Saved entries

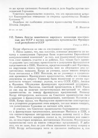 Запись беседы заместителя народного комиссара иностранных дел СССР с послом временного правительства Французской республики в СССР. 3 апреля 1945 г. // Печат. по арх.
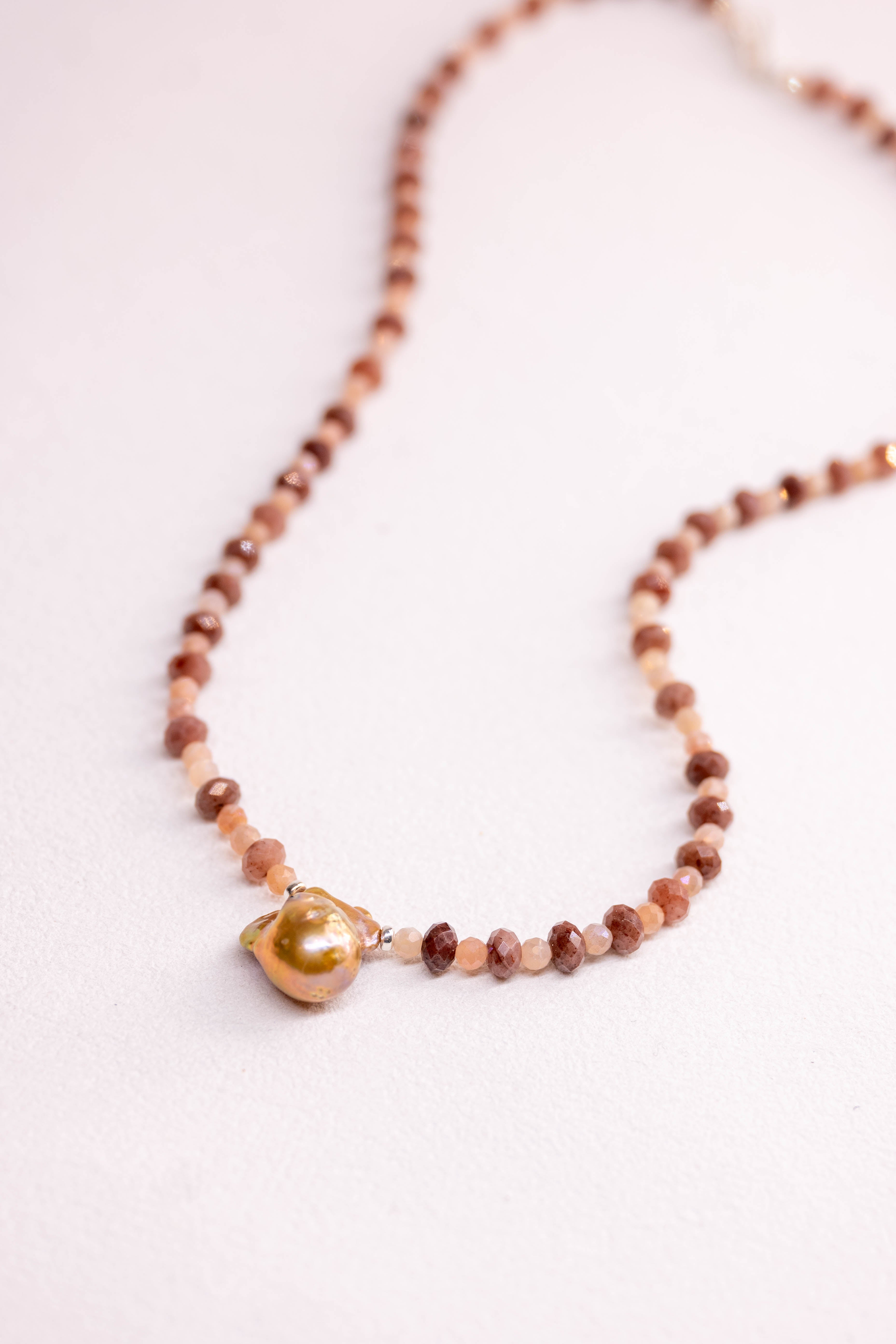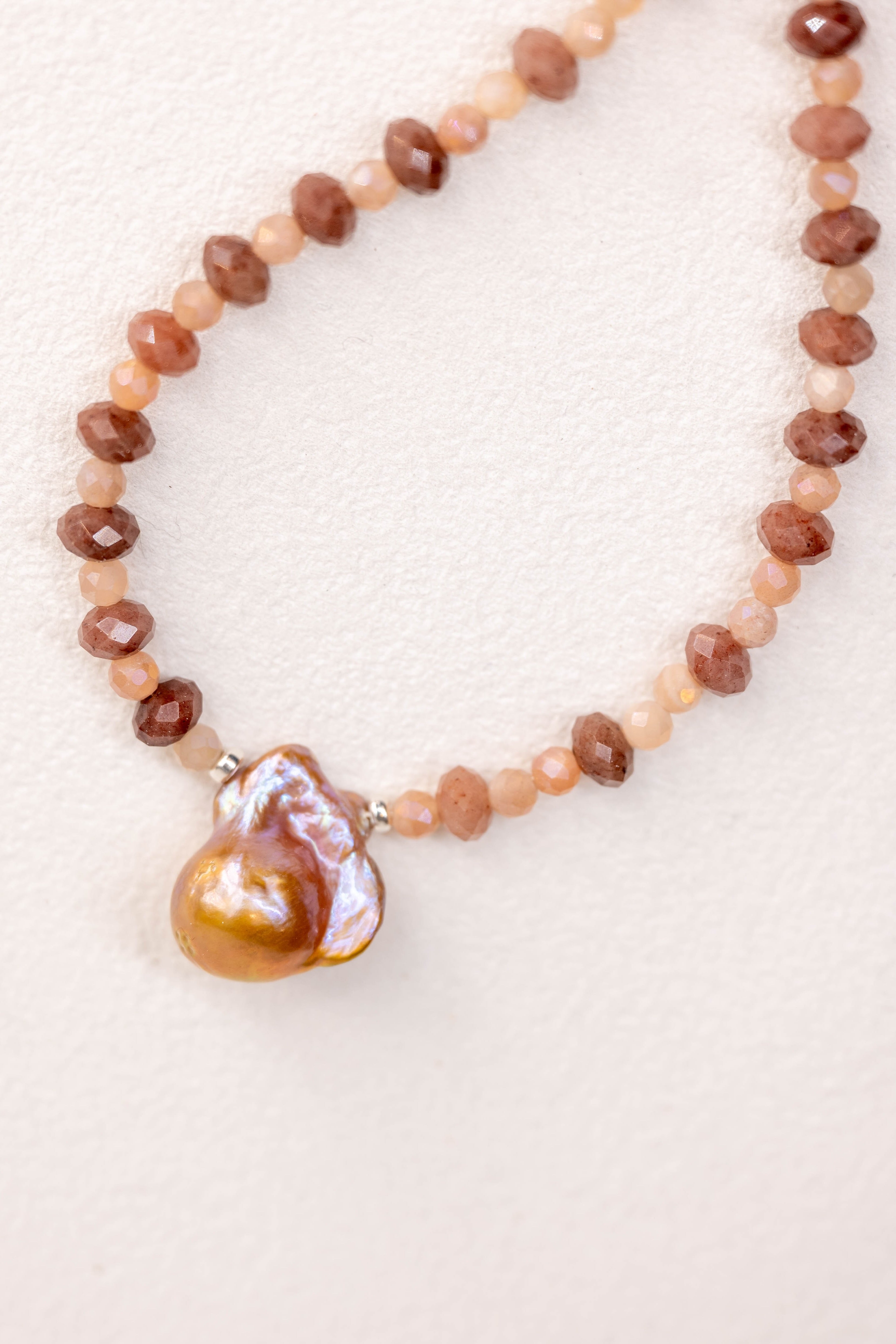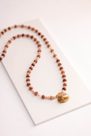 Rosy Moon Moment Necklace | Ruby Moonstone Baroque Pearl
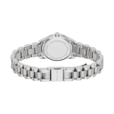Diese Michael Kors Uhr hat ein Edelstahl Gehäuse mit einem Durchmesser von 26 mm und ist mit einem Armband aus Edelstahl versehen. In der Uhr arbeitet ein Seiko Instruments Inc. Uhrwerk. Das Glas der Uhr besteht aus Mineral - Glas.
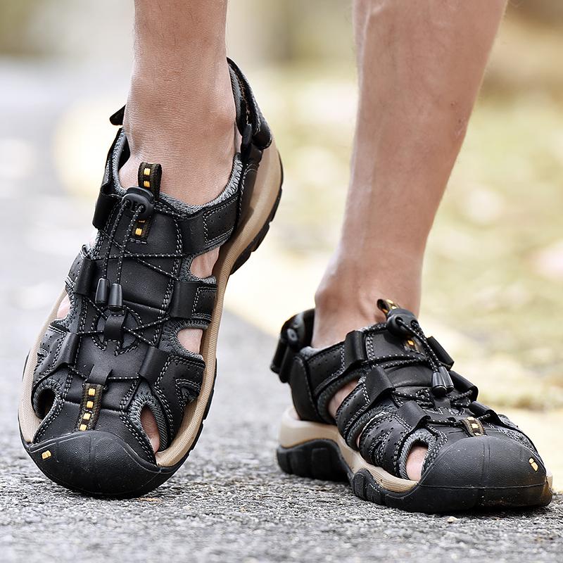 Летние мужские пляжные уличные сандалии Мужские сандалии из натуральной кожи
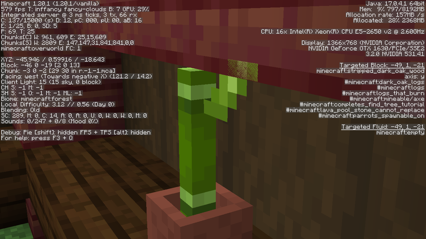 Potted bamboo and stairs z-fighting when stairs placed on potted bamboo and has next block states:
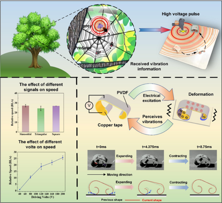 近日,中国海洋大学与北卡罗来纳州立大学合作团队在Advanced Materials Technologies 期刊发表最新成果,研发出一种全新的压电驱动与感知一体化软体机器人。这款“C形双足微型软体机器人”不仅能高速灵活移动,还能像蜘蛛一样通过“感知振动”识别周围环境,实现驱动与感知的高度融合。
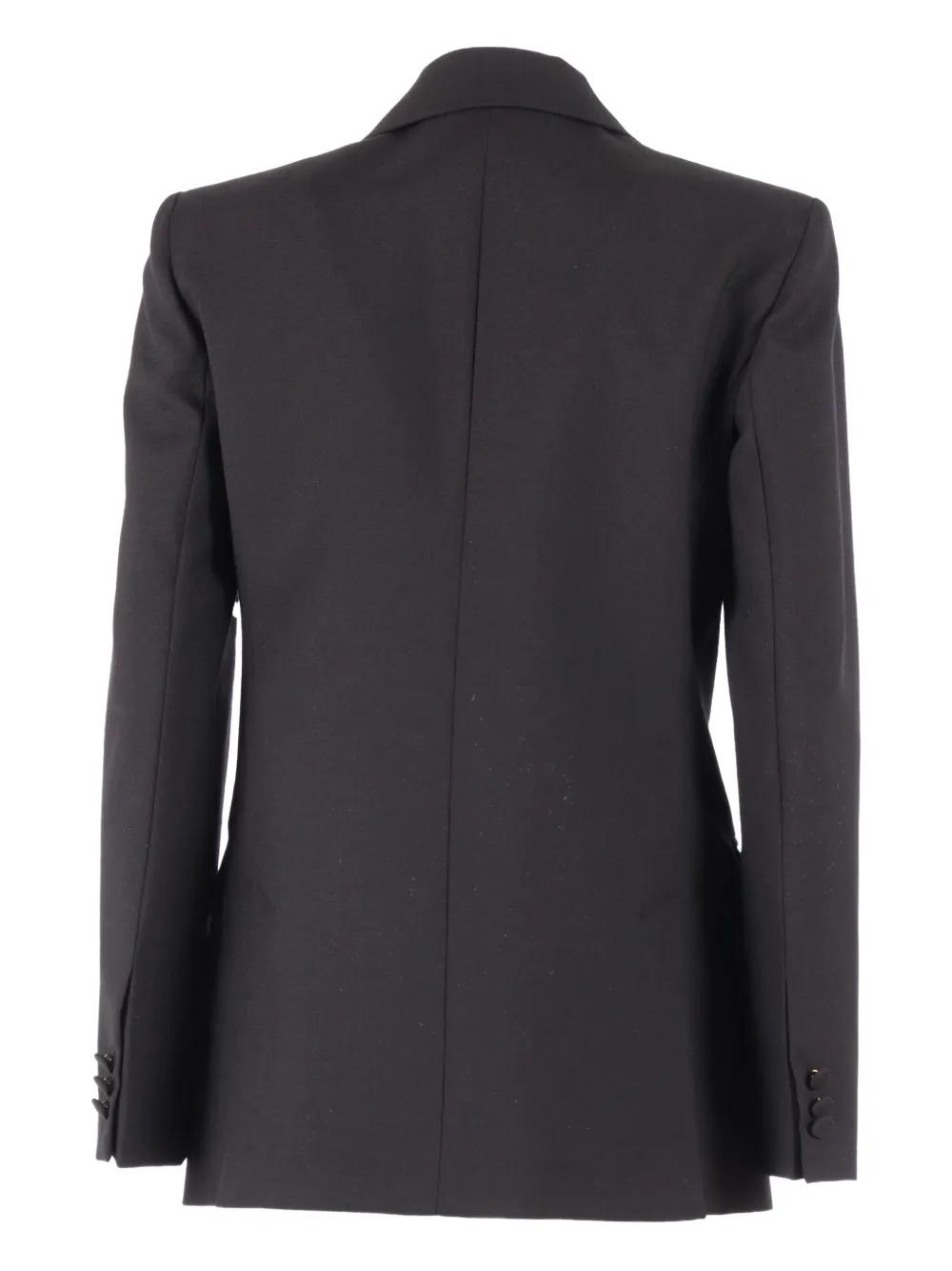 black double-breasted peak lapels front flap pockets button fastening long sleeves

__WORK TO COMPLETE__.
Set down each entry above word for word, without its pictures.

__ANSWER SPACE__.
 Запись беседы заместителя народного комиссара иностранных дел СССР с послом временного правительства Французской республики в СССР. 3 апреля 1945 г. // Печат. по арх.
 Rosy Moon Moment Necklace | Ruby Moonstone Baroque Pearl
Diese Michael Kors Uhr hat ein Edelstahl Gehäuse mit einem Durchmesser von 26 mm und ist mit einem Armband aus Edelstahl versehen. In der Uhr arbeitet ein Seiko Instruments Inc. Uhrwerk. Das Glas der Uhr besteht aus Mineral - Glas.
 Летние мужские пляжные уличные сандалии Мужские сандалии из натуральной кожи
 Potted bamboo and stairs z-fighting when stairs placed on potted bamboo and has next block states:
 近日,中国海洋大学与北卡罗来纳州立大学合作团队在Advanced Materials Technologies 期刊发表最新成果,研发出一种全新的压电驱动与感知一体化软体机器人。这款“C形双足微型软体机器人”不仅能高速灵活移动,还能像蜘蛛一样通过“感知振动”识别周围环境,实现驱动与感知的高度融合。
 black double-breasted peak lapels front flap pockets button fastening long sleeves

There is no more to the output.